*To do*. What should be copied is the stretch of entries below from the line with "推開「楊老師書法教室」忠信班" up to and including the line with "Ela explica que, atualmente, mora", exactly and without images.
▽
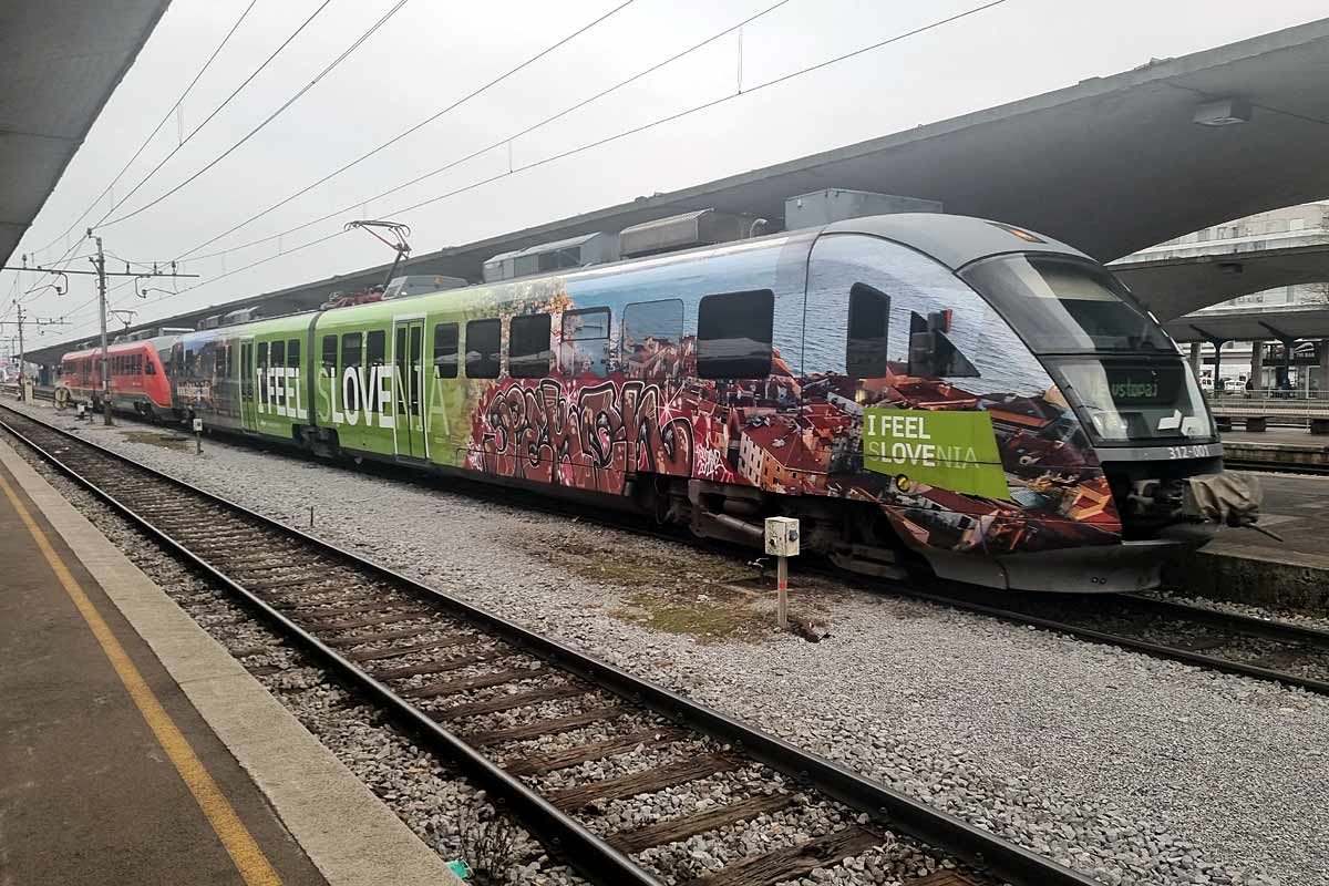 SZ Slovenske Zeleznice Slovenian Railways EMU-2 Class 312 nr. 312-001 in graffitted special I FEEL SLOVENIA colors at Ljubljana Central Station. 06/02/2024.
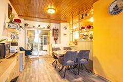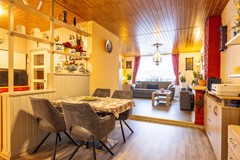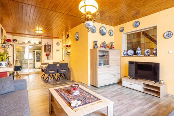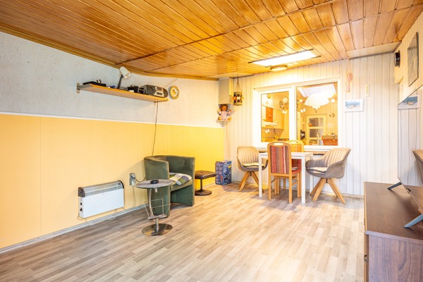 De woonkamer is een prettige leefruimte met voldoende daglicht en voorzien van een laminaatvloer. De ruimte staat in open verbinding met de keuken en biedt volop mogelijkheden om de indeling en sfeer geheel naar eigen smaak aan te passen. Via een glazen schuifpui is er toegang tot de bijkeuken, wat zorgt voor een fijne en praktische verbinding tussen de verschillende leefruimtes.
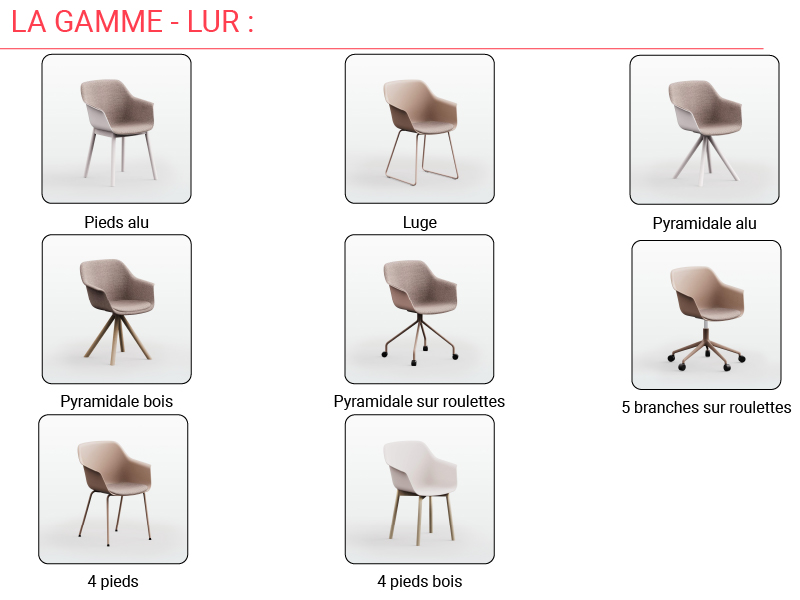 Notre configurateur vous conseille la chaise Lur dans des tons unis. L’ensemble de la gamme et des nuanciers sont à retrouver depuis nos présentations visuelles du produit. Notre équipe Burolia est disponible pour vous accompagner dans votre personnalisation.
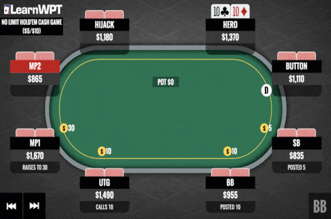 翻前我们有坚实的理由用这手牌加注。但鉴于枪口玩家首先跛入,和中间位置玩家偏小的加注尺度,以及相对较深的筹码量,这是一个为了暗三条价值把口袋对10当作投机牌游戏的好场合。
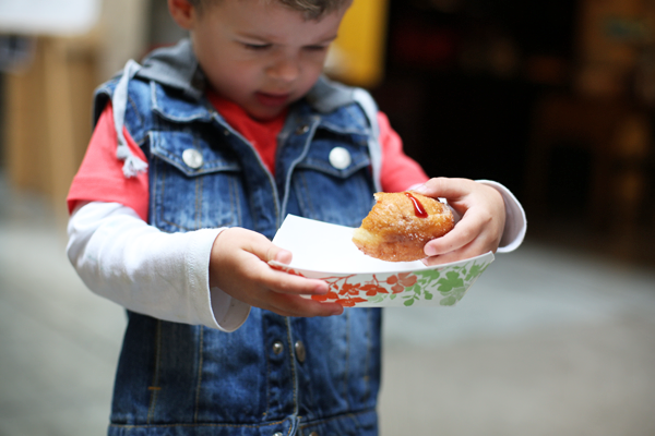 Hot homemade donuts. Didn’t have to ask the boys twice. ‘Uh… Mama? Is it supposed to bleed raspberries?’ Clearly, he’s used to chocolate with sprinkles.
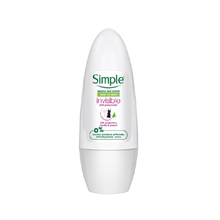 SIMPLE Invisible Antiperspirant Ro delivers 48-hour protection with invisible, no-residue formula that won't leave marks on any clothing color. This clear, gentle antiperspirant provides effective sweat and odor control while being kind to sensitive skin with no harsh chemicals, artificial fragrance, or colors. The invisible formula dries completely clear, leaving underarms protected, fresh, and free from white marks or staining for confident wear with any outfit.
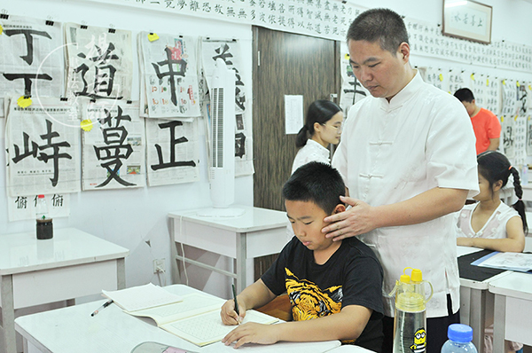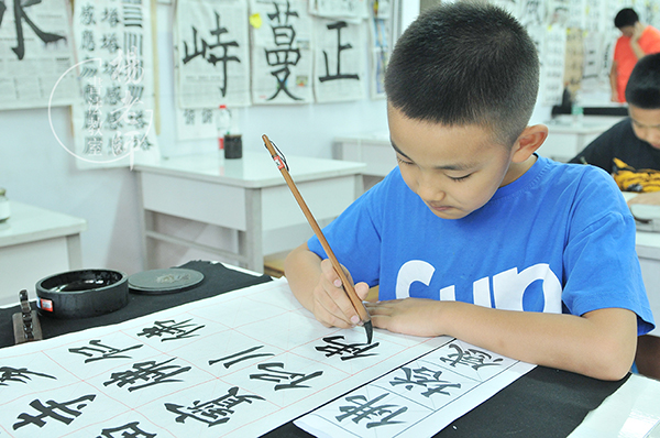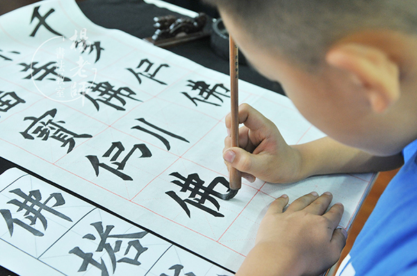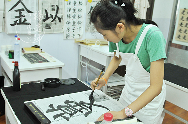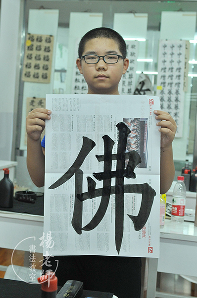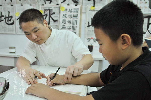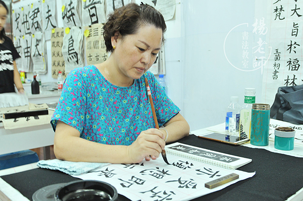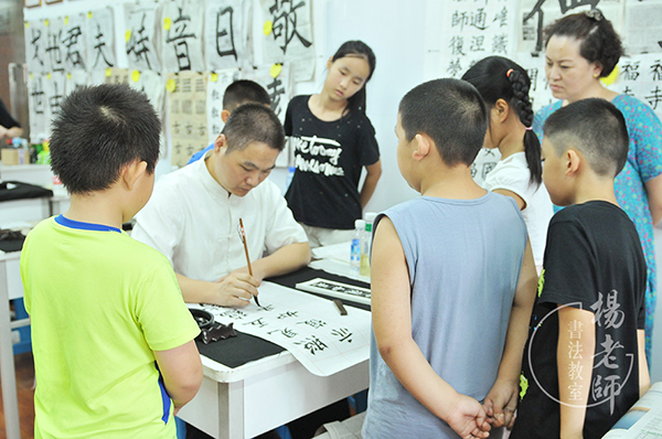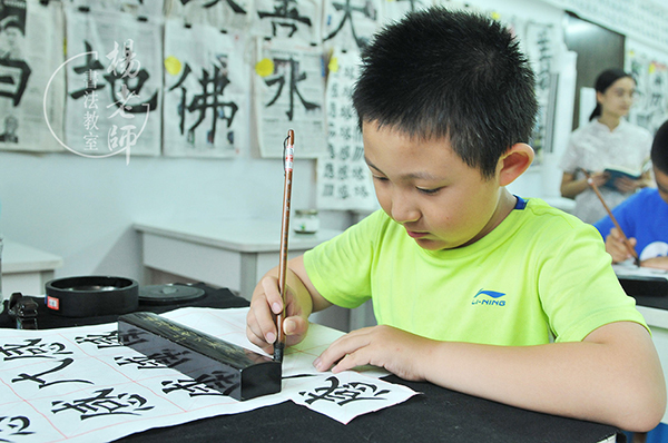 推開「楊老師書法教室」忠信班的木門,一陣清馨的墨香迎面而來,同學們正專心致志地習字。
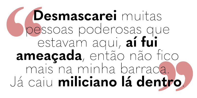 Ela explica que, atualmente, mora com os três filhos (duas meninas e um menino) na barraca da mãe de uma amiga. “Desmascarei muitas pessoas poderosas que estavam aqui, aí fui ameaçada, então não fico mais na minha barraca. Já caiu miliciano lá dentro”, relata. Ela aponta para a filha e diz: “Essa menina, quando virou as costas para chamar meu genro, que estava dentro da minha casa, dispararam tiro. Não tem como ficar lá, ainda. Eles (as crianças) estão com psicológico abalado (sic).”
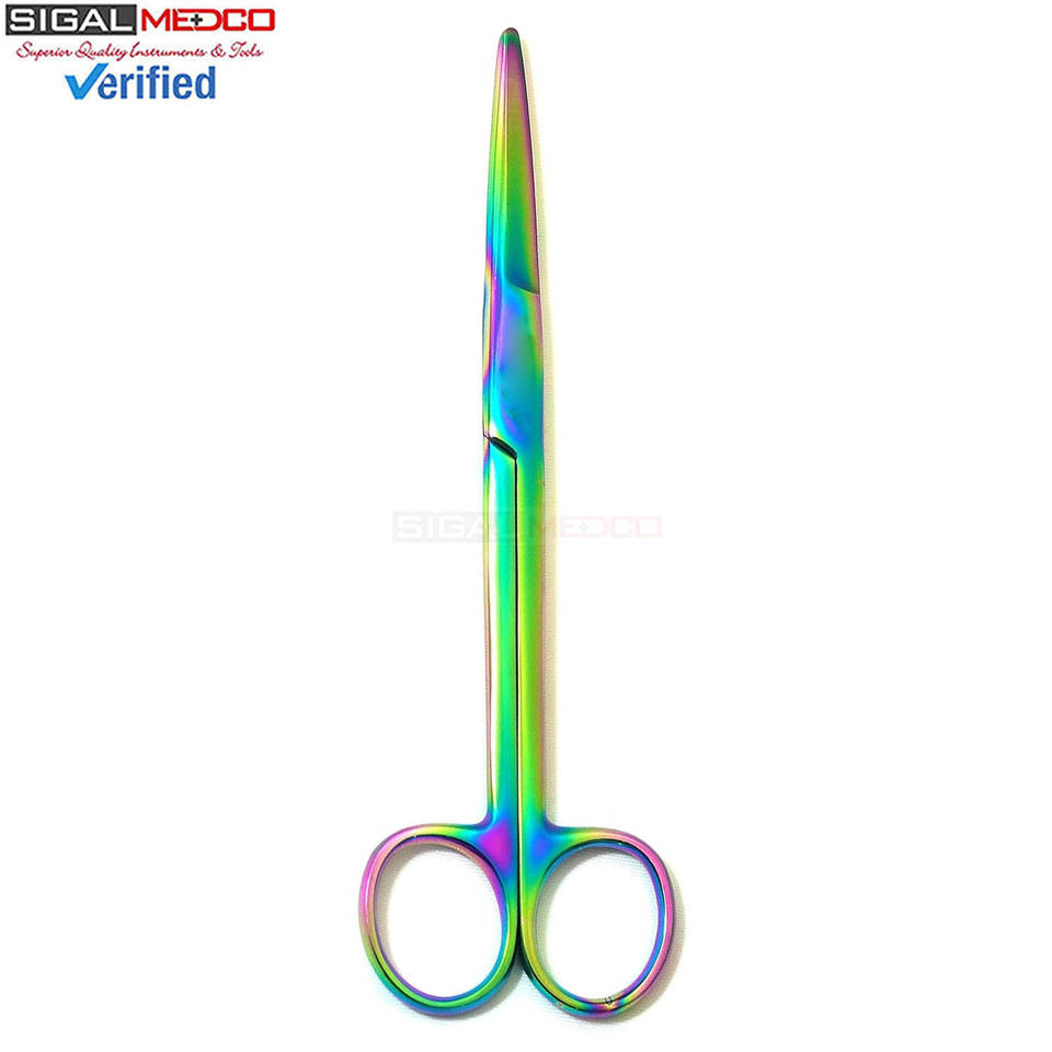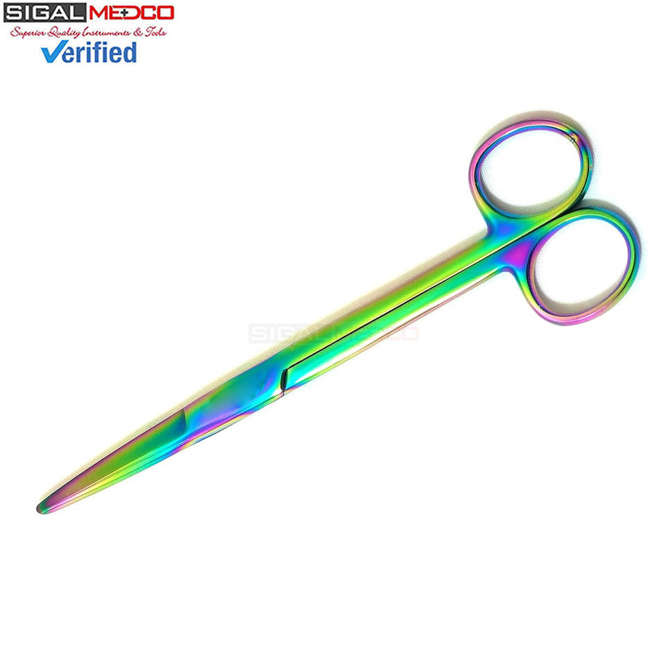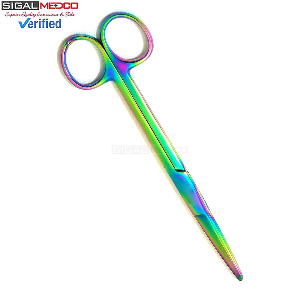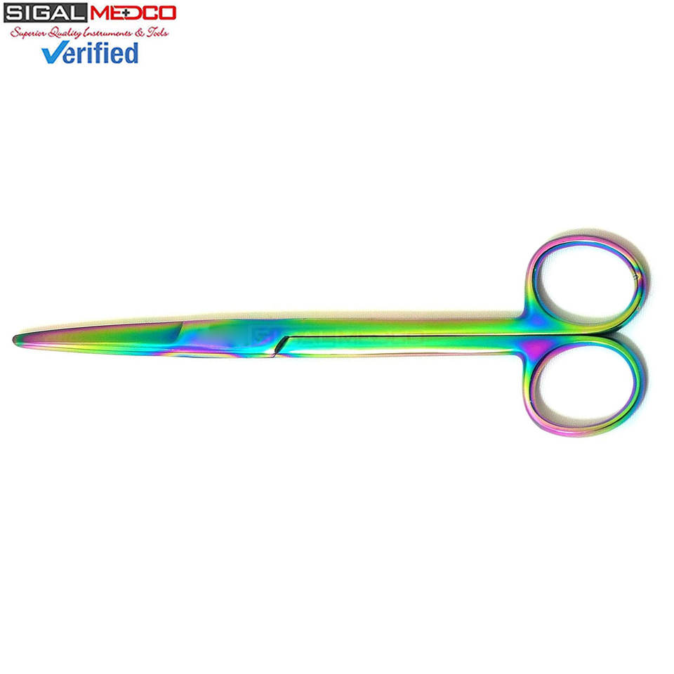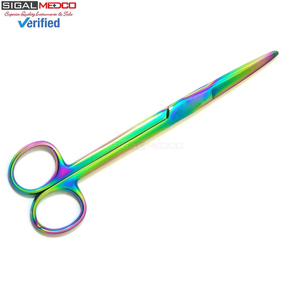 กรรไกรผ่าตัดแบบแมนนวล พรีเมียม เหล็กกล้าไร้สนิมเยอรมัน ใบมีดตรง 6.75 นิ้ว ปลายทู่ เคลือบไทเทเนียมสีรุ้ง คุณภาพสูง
△
*Task result*.
 推開「楊老師書法教室」忠信班的木門,一陣清馨的墨香迎面而來,同學們正專心致志地習字。
 Ela explica que, atualmente, mora com os três filhos (duas meninas e um menino) na barraca da mãe de uma amiga. “Desmascarei muitas pessoas poderosas que estavam aqui, aí fui ameaçada, então não fico mais na minha barraca. Já caiu miliciano lá dentro”, relata. Ela aponta para a filha e diz: “Essa menina, quando virou as costas para chamar meu genro, que estava dentro da minha casa, dispararam tiro. Não tem como ficar lá, ainda. Eles (as crianças) estão com psicológico abalado (sic).”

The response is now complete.